Hang in there. I think a lot of us ask why me at first. I didn’t have a serious problem until this year, but I am taking it day-to-day and seeing what the year brings. You’re still here and that’s a great sign.

If you have questions I’ll be glad to answer them, but in my experience, everyone on this network has been happy to answer anyone’s quesions. Everyone is a great help. There is also a great movie called: Life. Support. Music. It is about someone (who is part of this network) who has gone through the AVM experience.

Good luck

thanks mike, my wife and I are gonna look into renting that movie.

Hi Richie,I can say we have all been at a point of crying and so many emotions funning wild,you have been through so much and are here to talk about it,that my friend is a true blessing and gift,I hope every day from this point on brings nothing but happiness and love and all the tomorrows are counted as a blessing,you are not alone here,and we love to share our concerns,dont be scared to post anything ok:) we are all friends and we care very much,talk soon,Caroline

Hi Richie, I also became very emotional and also very sensible to other people problems. In my case the avm occurred to my son, maybe that make things even worse. From the very begining, even before knowing the problem was an avm, we were told my son had a big mass in his brain, me and my husband waited for four hours for the neuro to come. I am very glad we never did that question: why us?

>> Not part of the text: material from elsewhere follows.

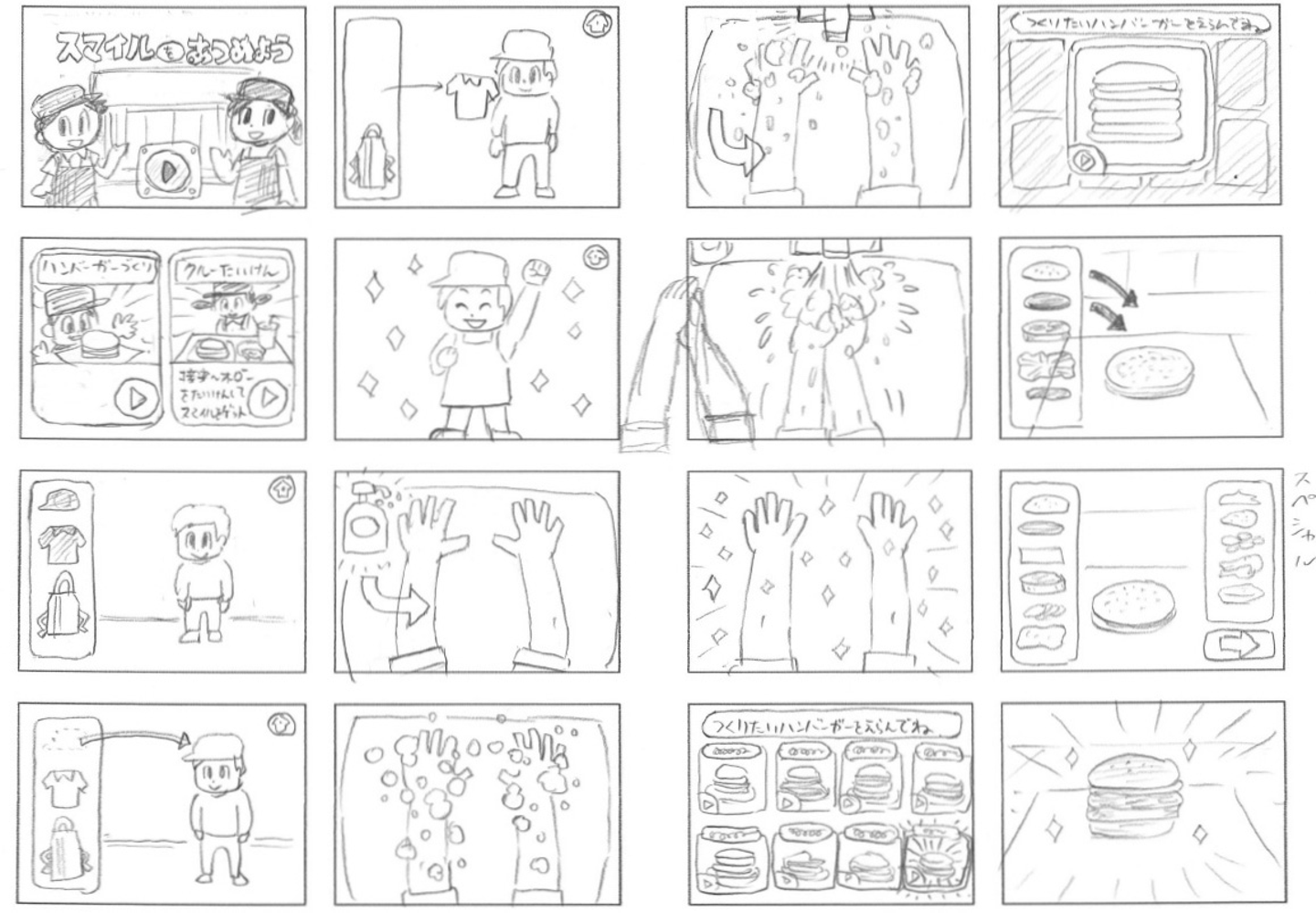企画の方向性が固まったら、流れをエンピツで描き起こし、文章で補足しつつ絵コンテを作成します。絵コンテができたら社内確認後、いよいよ企業担当者さまとのお打ち合わせをセッティングします。そこで企業さまのポリシーに沿っているか、内容に問題ないかを確認し、必要に応じて調整を重ねます。

I remember telling my husband: a lot of people are suffering in the world why not us? We are not different or special or better.

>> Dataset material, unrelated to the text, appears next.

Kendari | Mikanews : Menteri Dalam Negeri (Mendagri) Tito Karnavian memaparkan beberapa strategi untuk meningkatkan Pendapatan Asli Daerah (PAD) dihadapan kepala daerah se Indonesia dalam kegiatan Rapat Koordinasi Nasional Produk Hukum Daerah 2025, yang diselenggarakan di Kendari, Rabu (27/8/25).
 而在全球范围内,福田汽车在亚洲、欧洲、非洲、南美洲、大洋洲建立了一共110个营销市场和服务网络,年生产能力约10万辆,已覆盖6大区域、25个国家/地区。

I believe, everything happens for a good reason, God would never treat enyone of us differently.
Of course we don´t know the reason and the explanation is beyond our understanding sometimes.

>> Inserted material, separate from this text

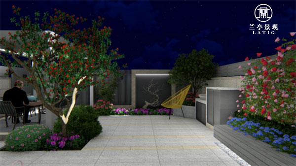 庭院景觀設計的亮點是:花園的層次感,采光口、踏步和坐凳的組合搭配,完美的解決了現場采光墻體的尷尬。空間呼應,燈光搭配,給花園增添獨特的藝術魅力。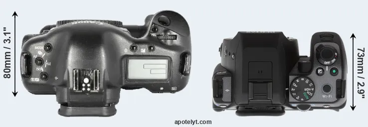 The side-by-side display below illustrates the physical size and weight of the Canon 1D Mark II and the Pentax K-S2. The two cameras are presented according to their relative size. Three consecutive views from the front, the top, and the rear side are shown. All width, height and depth dimensions are rounded to the nearest millimeter.

The best thing to do is accept and be glad in one way or another.

Hi Richie

There is nothing wrong with crying. And you didn’t do anything to deserve this…none of us did. You have been through so much and I hope that you are doing better now.

Dianne

hi richie, i hope you are doing well. i understand about the crying. i am a tough girl and had an avm removed in 2004 at 28yrs old. as the time has gone by my recovery was been ok. i look like myself again, that to others seems fine, great infact although these people, as careing and loving as they are they forget!!! i am “back to normal” on the outside but not one the inside. i cry alot too. my husband is supportive but “forgets”. i just cry when i need to and i have learnt that ITS OK. NOW WHEN I CRY I WILL THINK OF YOU.